Dataset entries:
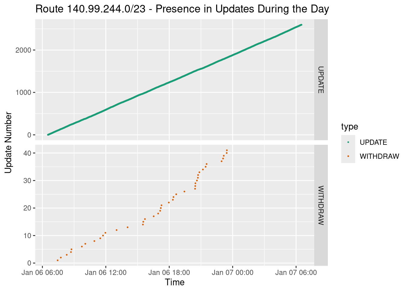 The top graph looks like a straight line, but that’s because this route is present in almost every single 30 second block of updates. There are 2,879 30-second blocks and it’s present as either a different path or a withdrawn route in 2,637 of them, or 92.8%!
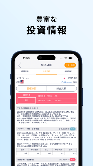 - 単に株価を表示するだけでなく、アナリストによる分析も見られる
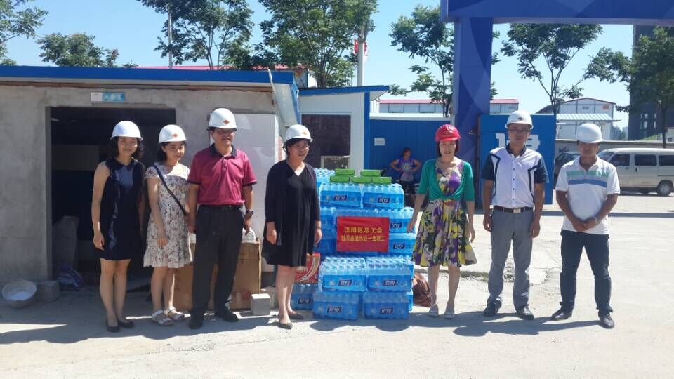 7月29日,驕陽似火,暑熱逼人,漢陽區工會喻主席、謝主任等領導來到博宏建設的芳草小學施工現場,向奮戰在建設一線的職工送去礦泉水、風油精等夏令防暑物資,向他們送去一份夏日的清涼。
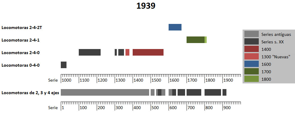 Disposición de las locomotoras de M.Z.A en 1939.
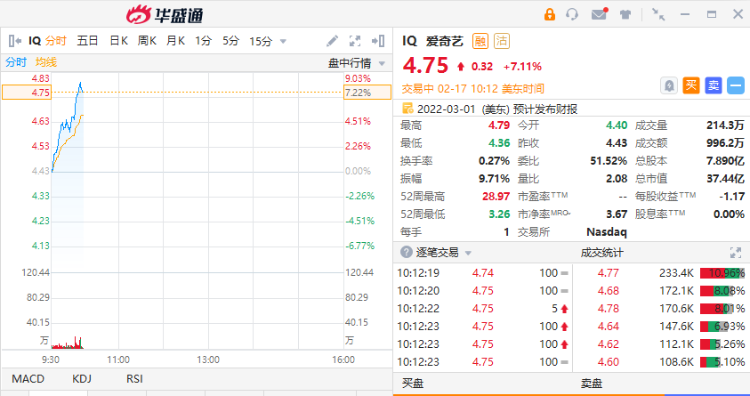 华盛资讯2月17日消息,美股盘初,热门中概股逆势走强,截至发稿,爱奇艺(IQ)涨超7%。
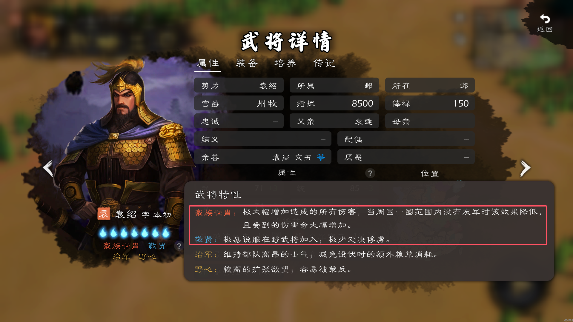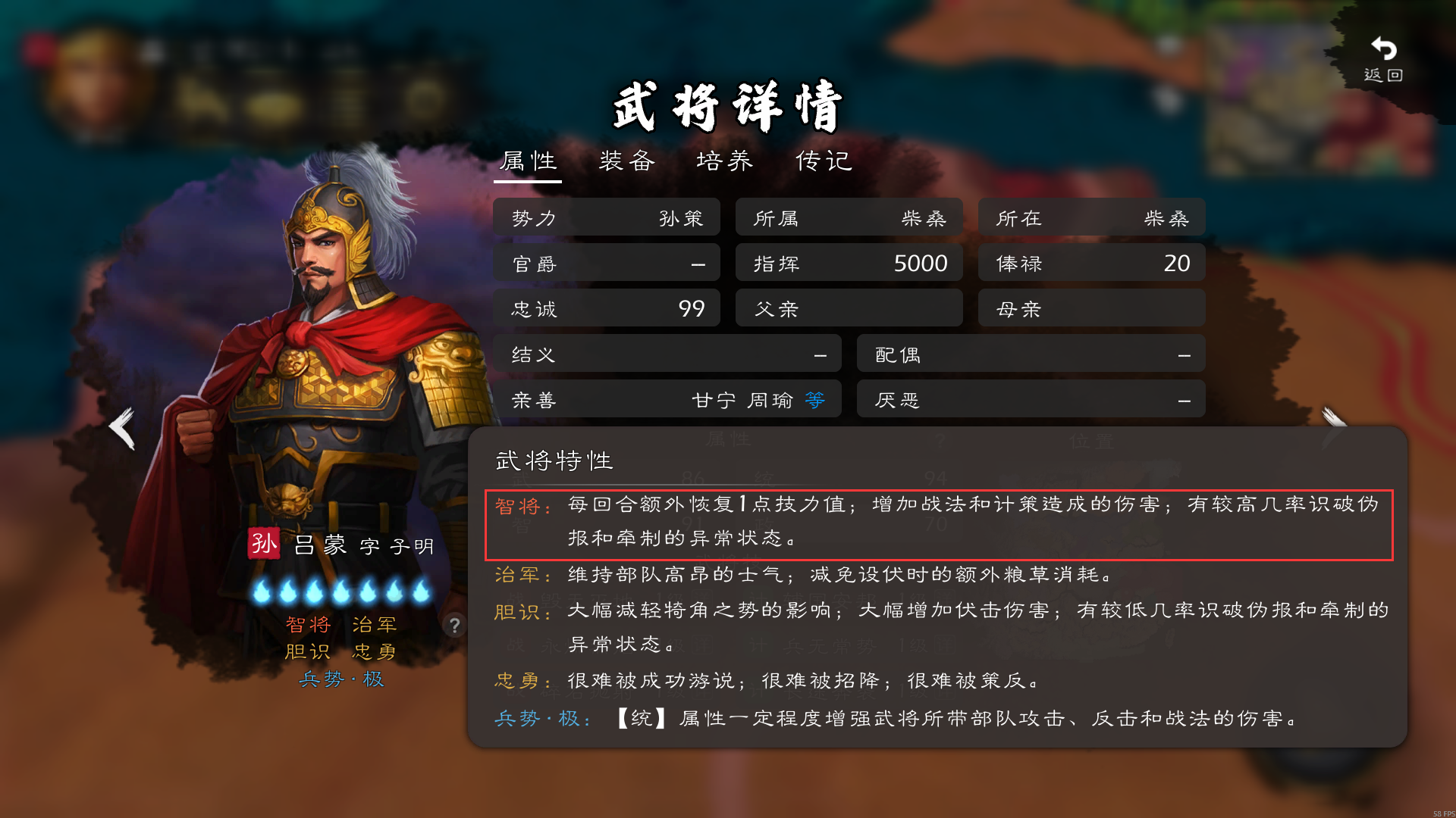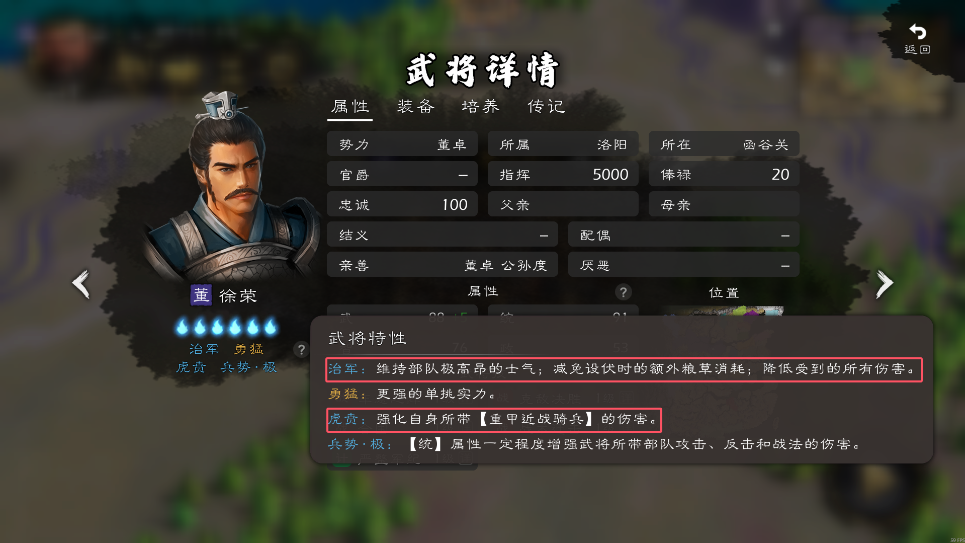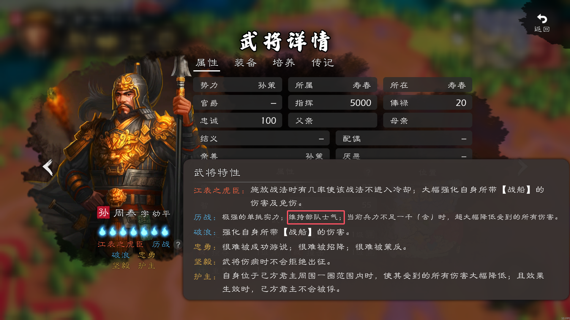 增加特性【治军】(黄):维持部队高昂的士气;减免设伏时的额外粮草消耗;
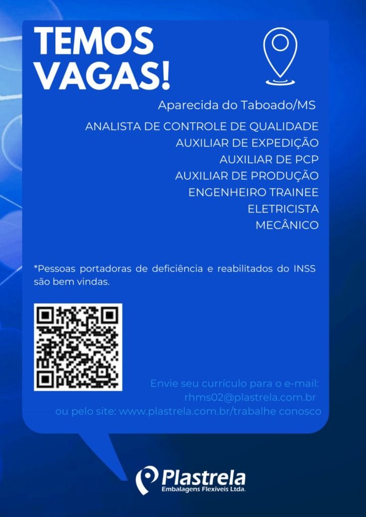 Aparecida do Taboado (MS) – Está em busca de uma oportunidade de emprego? O Costa Leste News reuniu algumas das vagas disponíveis nas indústrias Plastrela, Gala e Bello Alimentos
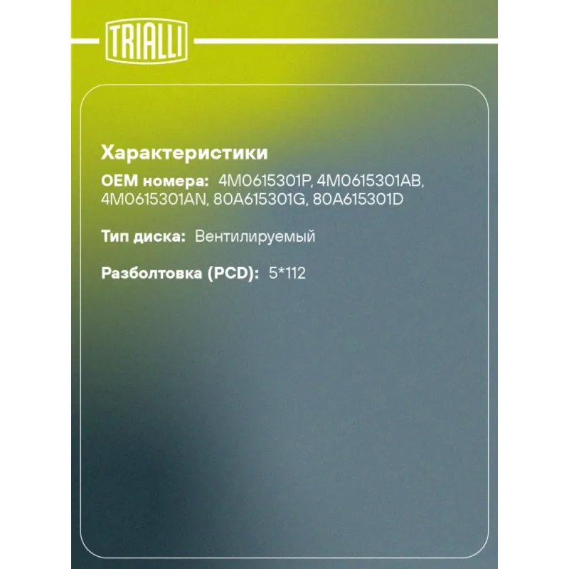 | TRIALLI DF185112 1 шт. | 2 дня | 275.50 р. | |
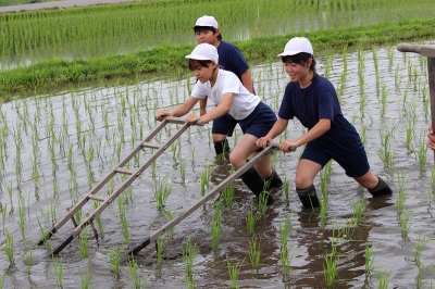 2015年6月19日 17時52分 6月18日、学校田の2回目の除草を行いました。支援員の山口さんの指導を受けながら、5,6年生全員で最後までやり抜きました。えらい!!!
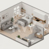 Interiorul este gândit în stil open space, creând un flux natural între zona de living, bucătărie și locul de relaxare. Un dormitor luminos și o baie modernă completează acest spațiu, asigurându-vă confortul dorit. Fiecare detaliu al acestei garsoniere a fost ales cu grijă, pentru a vă oferi un ambient cald și primitor, perfect pentru a vă transforma casa într-un cămin. Zona Noua vă va fermeca cu accesul facil la toate facilitățile necesare, de la magazine și restaurante, până la transport în comun.
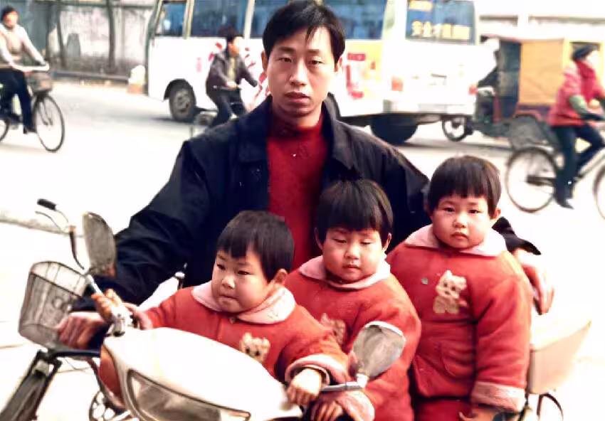 照片中,20年前他騎著摩托車載著三位穿著紅棉襖的幼小女兒;而20年後,三位女兒已亭亭玉立,穿著時尚,和父親重現了當年的經典場景。
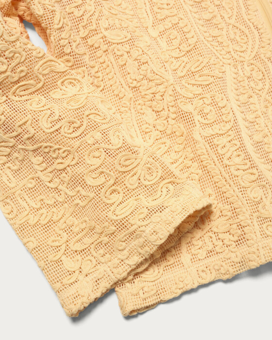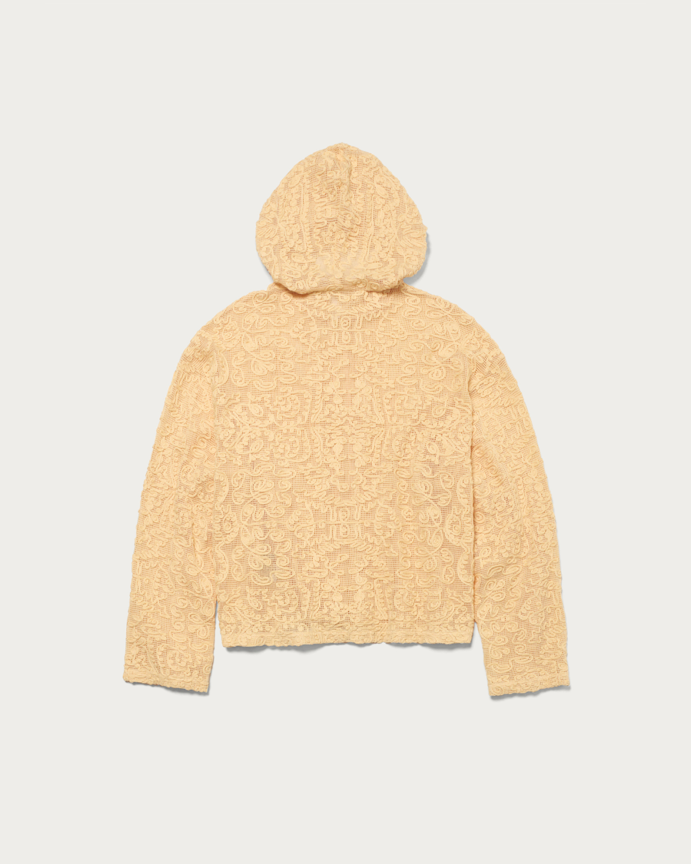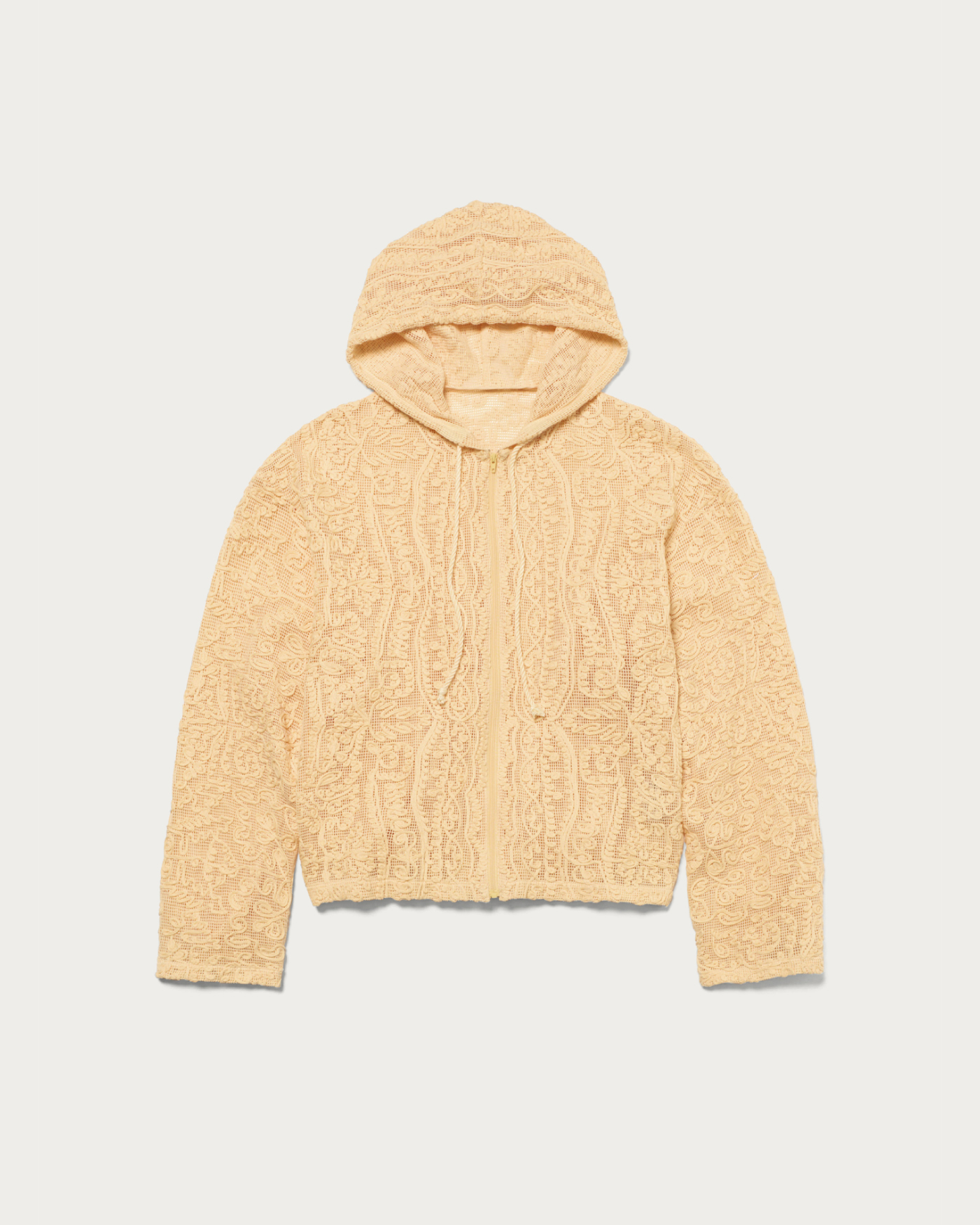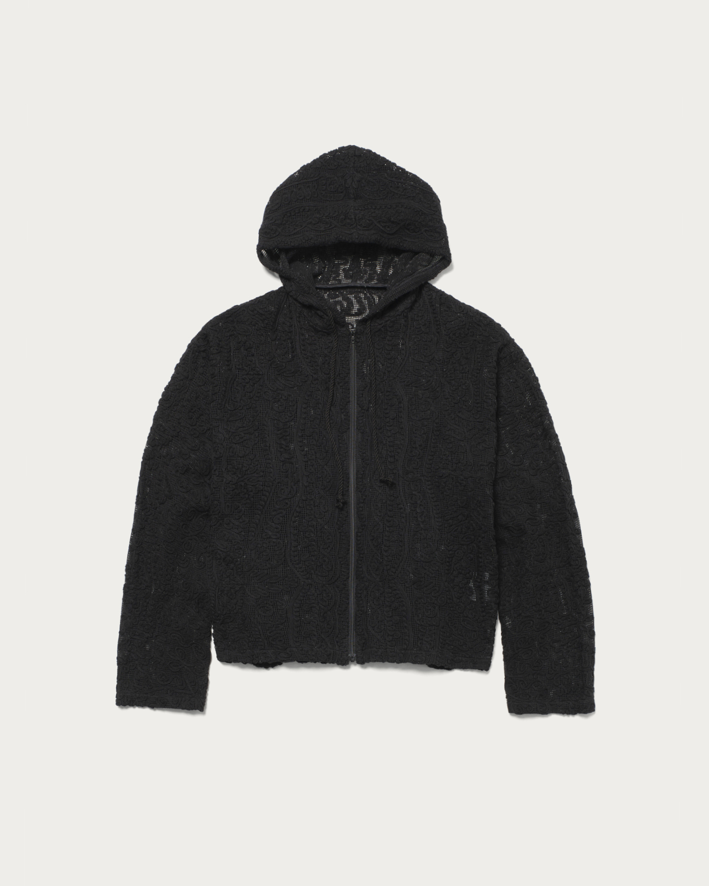 We have crafted a daily casual look by making the striking lace material the star of this simple hoodie design. It features a comfortable size that allows for easy layering. The key highlights are the natural texture of the cotton and the oriental-inspired tape embroidery pattern.
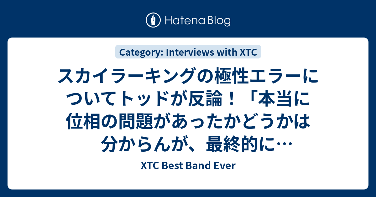 XTC Best Band Ever  スカイラーキングの極性エラーについてトッドが反論!「本当に位相の問題があったかどうかは分からんが、最終的にリリースされたアルバムのマスタリングには僕は一切関与していない!」
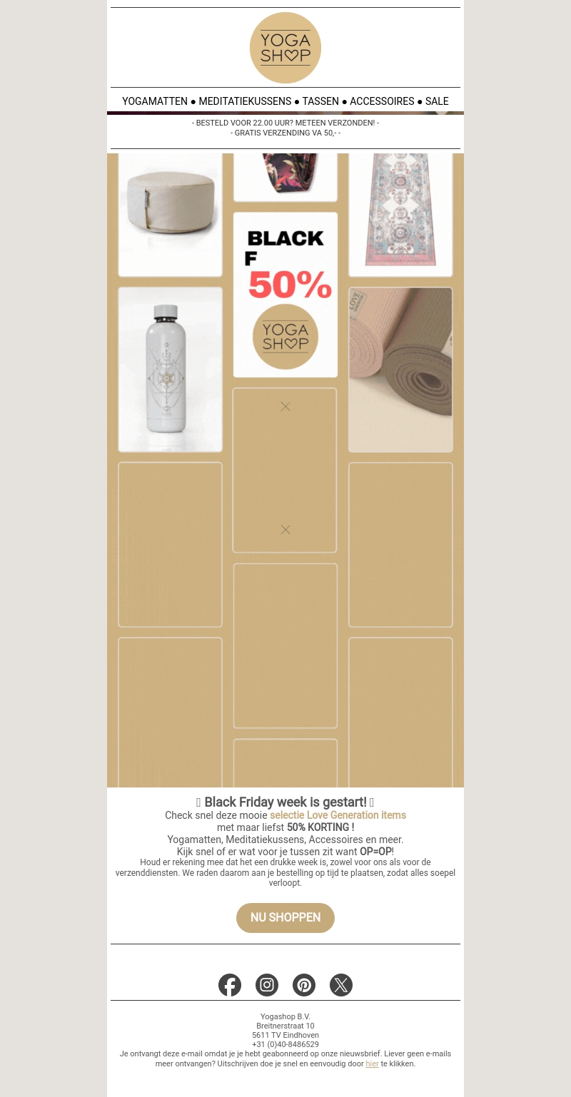 YogaShop viert Black Friday met spectaculaire kortingen op een breed scala aan producten. Ontvang tot wel 50% korting op geselecteerde Love Generation items zoals yogamatten, meditatiekussens en accessoires. Mis deze geweldige kans niet om je favoriete producten met korting te bemachtigen. Shop gemakkelijk online en profiteer van de snelle verzending. Deze week is het druk, dus bestel op tijd!
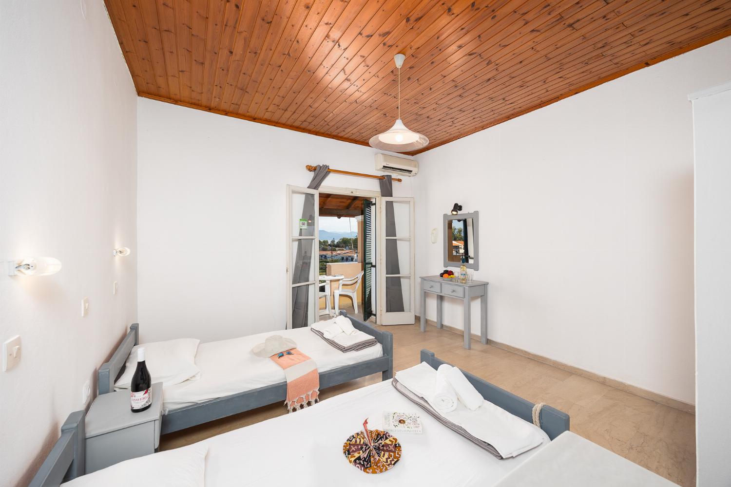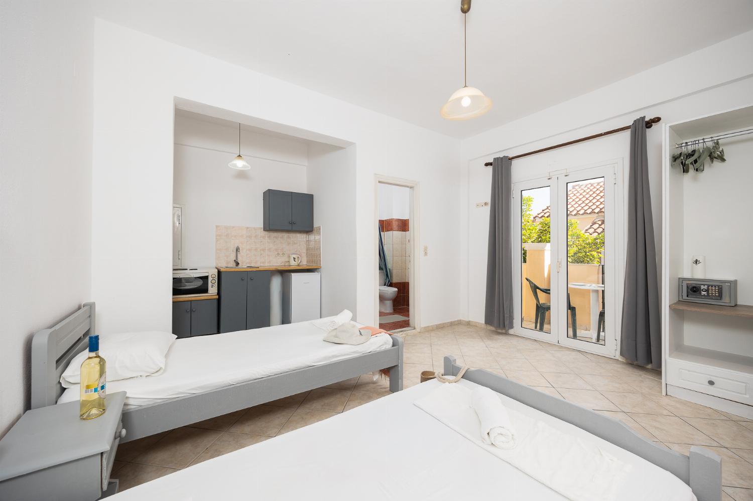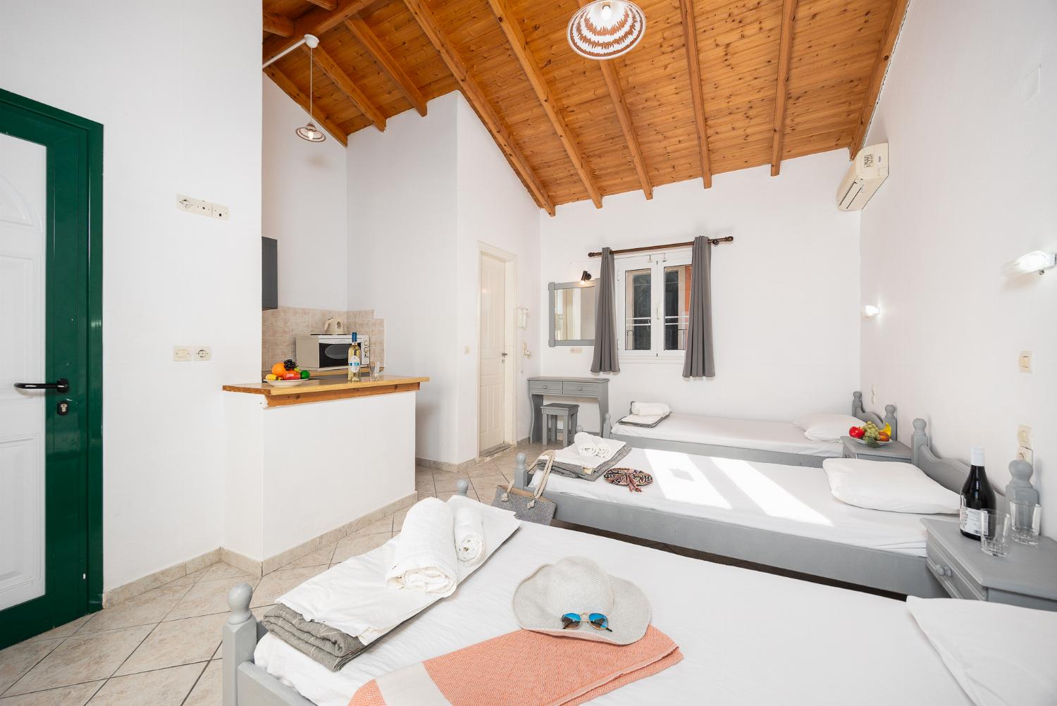Spacious studio with a private balcony overlooking the surroundings. Equipped with two comfortable single beds, air conditioning, and modern amenities. Ideal for relaxing stays with plenty of natural light and fresh air.

> _Problem to solve_:
Without the pictures, give again exactly the lines above starting at the line containing "XTC Best Band" and ending at the line containing "YogaShop viert Black".

> _Exercise output_:
 XTC Best Band Ever  スカイラーキングの極性エラーについてトッドが反論!「本当に位相の問題があったかどうかは分からんが、最終的にリリースされたアルバムのマスタリングには僕は一切関与していない!」
 YogaShop viert Black Friday met spectaculaire kortingen op een breed scala aan producten. Ontvang tot wel 50% korting op geselecteerde Love Generation items zoals yogamatten, meditatiekussens en accessoires. Mis deze geweldige kans niet om je favoriete producten met korting te bemachtigen. Shop gemakkelijk online en profiteer van de snelle verzending. Deze week is het druk, dus bestel op tijd!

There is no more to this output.